How many different kinds of seaweed have you ever eaten?
Wakame seaweed, kelp, hijiki, nori, mozuku, aonori, aosa, tengusa...
If you can name 10 kinds, you must be quite a seaweed lover.

However, did you know that there are more than 1,500 varieties of seaweeds living in Japanese waters, all of which are edible and non-poisonous?

Even in Japan, where people have been eating seaweed since ancient times and is said to have the most advanced seaweed-eating culture in the world, only a few dozen types of seaweed are on the dinner table.

Surprisingly, there are still more than 1,400 varieties of seaweed that remain unknown to us.

While plants on the ground have been studied for years, and various products and cooking methods have been established, the world of seaweed is still in its infancy. In fact, many of them have not even started yet.

Our company, Sea Vegetable LLC researches various types of seaweed, including "seaweed that is actually delicious but not eaten" and "seaweed that used to be eaten but is no longer harvested" in various parts of Japan. Our company aims to expand such production through land and sea cultivation with less environmental impact, and even proposes new ways to eat it.

Through these efforts, we hope to preserve the seaweed food culture that has existed in the past and create a new seaweed food culture towards the future. 

Our company  has been producing a seaweed called "Suji-Aonori" since our establishment.

Suji-Aonori is said to have the most aromatic scent of all seaweeds, and is one of the highest grade of all green laver. Its main production areas are at the mouths of the Yoshino and Shimanto Rivers; however, with the rise in water temperature, Aonori production had been drastically reduced, and the supply was inadequate.

In response, we began the world's first land-based aquaculture using clean, mineral-rich underground seawater. With the help of our originally developed facilities and production know-how, we succeeded to provide a stable supply of high-quality blue-green laver throughout the year.

Japan's oceans, once rich in seaweed, are now experiencing a drastic decline in seaweed resources due to "iso-yake " (rocky shore scorching).

This is largely due to the effects of rising seawater temperatures, which have already begun to spread the habitats of seaweed-eating fish such as rabbitfish and sea urchins, and their increased feeding activity.

In the critical situation where seaweed cannot propagate on the bottom of the sea, we have come to the hypothesis that the only way to combat this to cultivate seaweed on the sea surface.

If we cannot eliminate the factors that cause feeding damage, we can form seaweed beds on the sea surface by producing seaweed suitable for that environment during a specific period of time when it is not subject to feeding damage. We believe that if we can create a "seasonal seaweed bed," it will have a positive impact on the marine ecosystem.

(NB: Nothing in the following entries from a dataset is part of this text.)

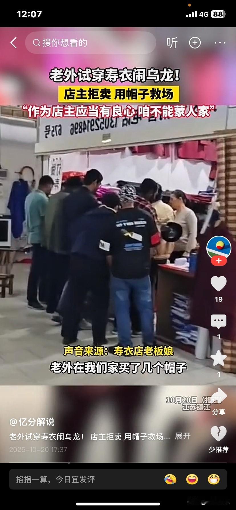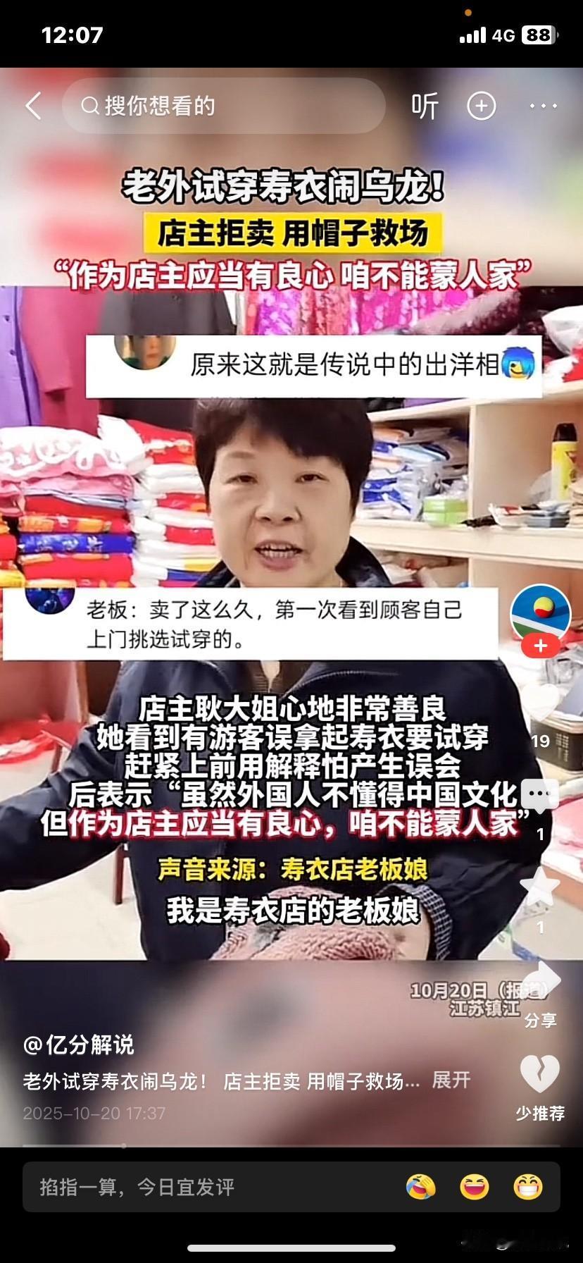 外国人:请问这什么衣服? 老板:是寿衣。 翻译:是长寿的衣服。 外国人:我要买[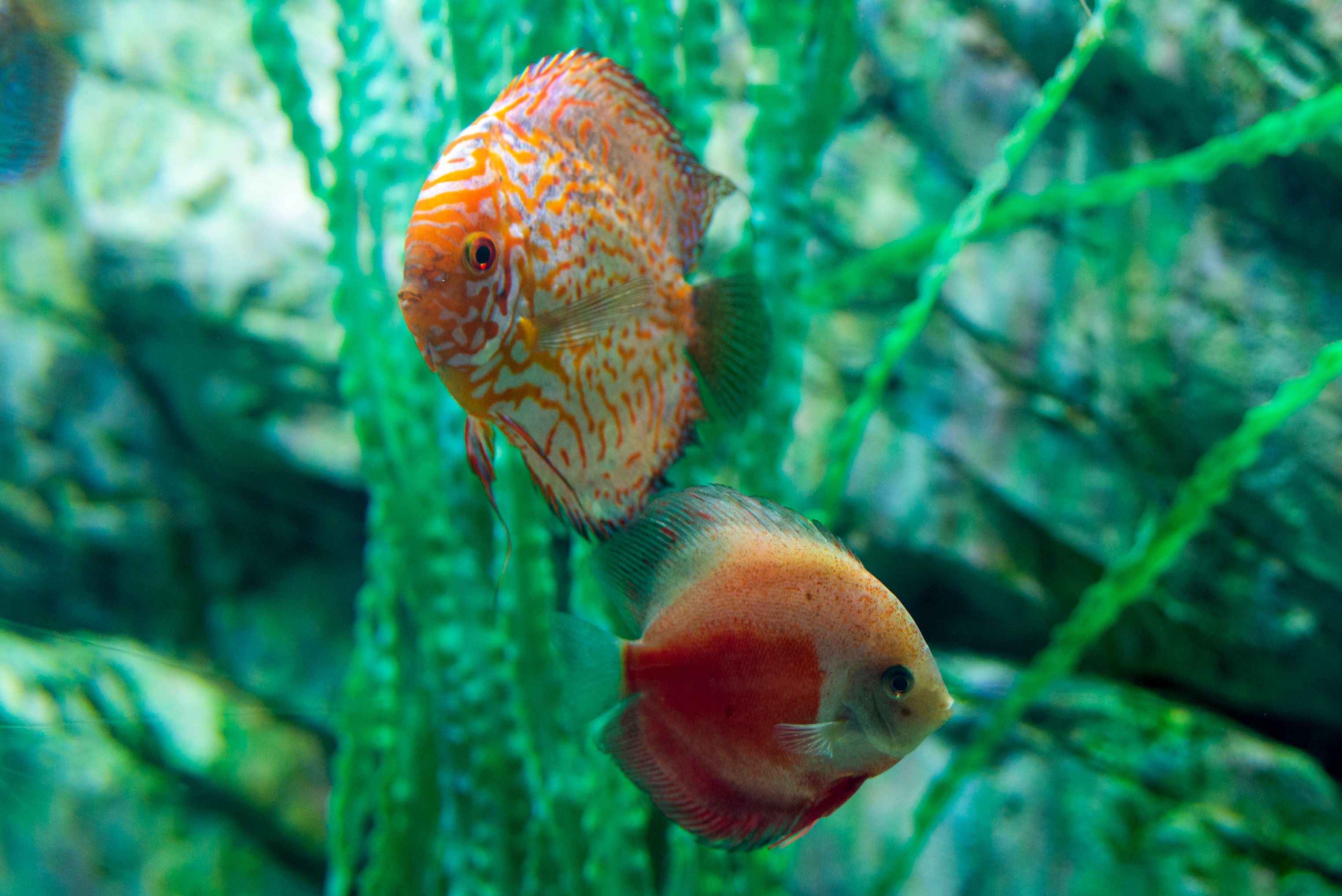 This mesmerizing image immerses the viewer into the underwater world of an aquarium, where two magnificent discus fish take center stage. The upper fish, colored in an intense orange, is adorned with an intricate pattern of white and cream stripes, resembling abstract art. Its body is almost perfectly round, and its fins are neatly spread, emphasizing the elegance of its form. The fish's eyes are dark and expressive, looking directly at the viewer, creating a sense of connection.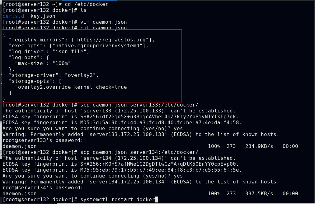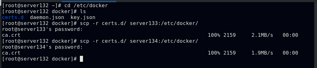 复制证书文件至节点的docker配置目录下,重启节点的docker服务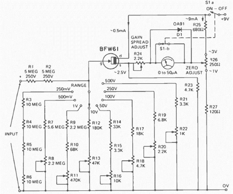 Este bonito circuito con indicador analógico fue encontrado en la revista Radio Electronics de enero de 1974. El circuito tiene 8 escalas con ajustes individuales. El instrumento es de 50 uA.

Currently, we are expanding the production of a wide variety of seaweeds at various times of the year and in various areas of the sea in cooperation with fishermen all over Japan.

In the course of our various efforts, a diverse group of talented people have come together at Sea Vegetable.

Experts who have been diving in the seas all over Japan for over 40 years to collect and classify seaweed, specialists in water quality analysis and equipment development, and first-rate chefs from both Japanese and Western genres have joined our company to create a new movement of proposal from the sea to the dining table.

By bringing together the wisdom and actions of various people and cultivating a seaweed food culture, we believe that the future of the sea and seaweed will be nurtured forever.